I am asked to disprove that:
$$\mathcal P(A\cup B) \subseteq \mathcal P(A) \cup \mathcal P(B) …..(1)$$
I am also asked to prove that:
$$\mathcal P(A) \cup \mathcal P(B) \subseteq \mathcal P(A\cup B)…..(2)$$ $$\mathcal P(A\cap B) = \mathcal P(A) \cap \mathcal P(B)…..(3)$$
Where $\mathcal P(A)$ represents the Power Set of $A$
For (1), I have somewhat managed to prove it, so there must be a mistake in my proof:
Let $X \in \mathcal P(A\cup B)$ then by definition $X \subseteq A \cup B$
This means that $X$ is either a subset of $A$, $B$ or $A \cup B$. Therefore $X\subseteq A$ or $X\subseteq B$ and hence $X \in \mathcal P(A) \cup \mathcal P(B)$ (I find something really wrong with this line, but I am not sure where am I wrong at.)
For (2), I did this:
Let $X \in \mathcal P(A) \cup \mathcal P(B)$, then $X\in \mathcal P(A)$ or $X\in \mathcal P(B)$
Case 1: $X\in \mathcal P(A)$, this means $X\subseteq A \implies X\subseteq A\cup B \implies X \in \mathcal P(A\cup B)$
Case 2: $X\in \mathcal P(B)$, this means $X\subseteq B \implies X\subseteq A\cup B \implies X \in \mathcal P(A\cup B)$
So in both cases, the statements are true.
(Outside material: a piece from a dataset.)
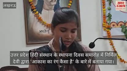 Video : उत्तर प्रदेश हिंदी संस्थान के स्थापना दिवस समारोह में निर्मिल देवी द्वारा 'आकाश का रंग कैसा है' के बारे में बताया गया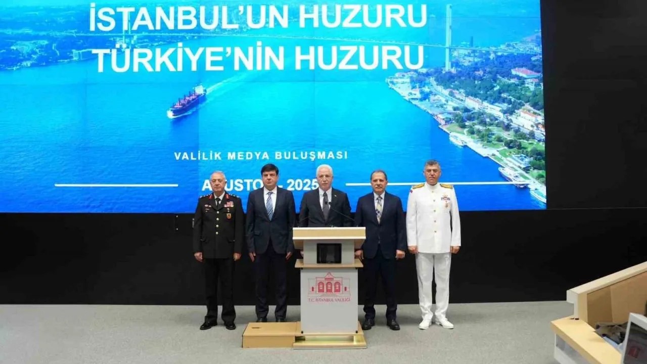 İstanbul Valisi Davut Gül, AFAD İstanbul İl Müdürlüğünde düzenlenen basın toplantısında 2025 yılının ilk 7 ayında meydana gelen asayiş olaylarının verilerini paylaştı. Vali Davut Gül’e Vali Yardımcısı Dr. M. H. Nail Anlar, İl Jandarma Komutanı Korgeneral Yusuf Kenan Topcu, İl Emniyet Müdürü Selami Yıldız ile Sahil Güvenlik Marmara ve Boğazlar Bölge Komutanı Tümamiral Serkan Tezel eşlik etti.

The questtion is, do I need to consider $X\in \mathcal P(A) \cap \mathcal P(B)$?
For (3), I did this:
(Backward Direction) Let $X\in \mathcal P(A) \cap \mathcal P(B)$, then $X\in \mathcal P(A)$ and $X\in \mathcal P(B)$. Meaning that $X\subseteq A$ and $X\subseteq B$ so it must be true that $X\subseteq A\cap B$ and hence $\mathcal P(A \cap B)$
(Forward Direction) Let $X \in\mathcal P(A \cap B)$, then $X\subseteq A\cap B$. This means that $X\subseteq A$ and $X\subseteq B$ which implies that $X\in \mathcal P(A) \cap \mathcal P(B)$.
Any help or advice on my way of proving is really appreciated!
Best Answer
When you say
you cannot deduce that $X \subseteq A$ or $X \subseteq B$. You could have some of $X$ be a subset of $A$ and the rest be a subset of $B$. Take $A=\{0,1,2\}, B=\{2,3,4\}, X=\{1,4\}$ for example
For $2$ you don't need to worry about $X \subseteq A \cap B$. It is covered in both your cases.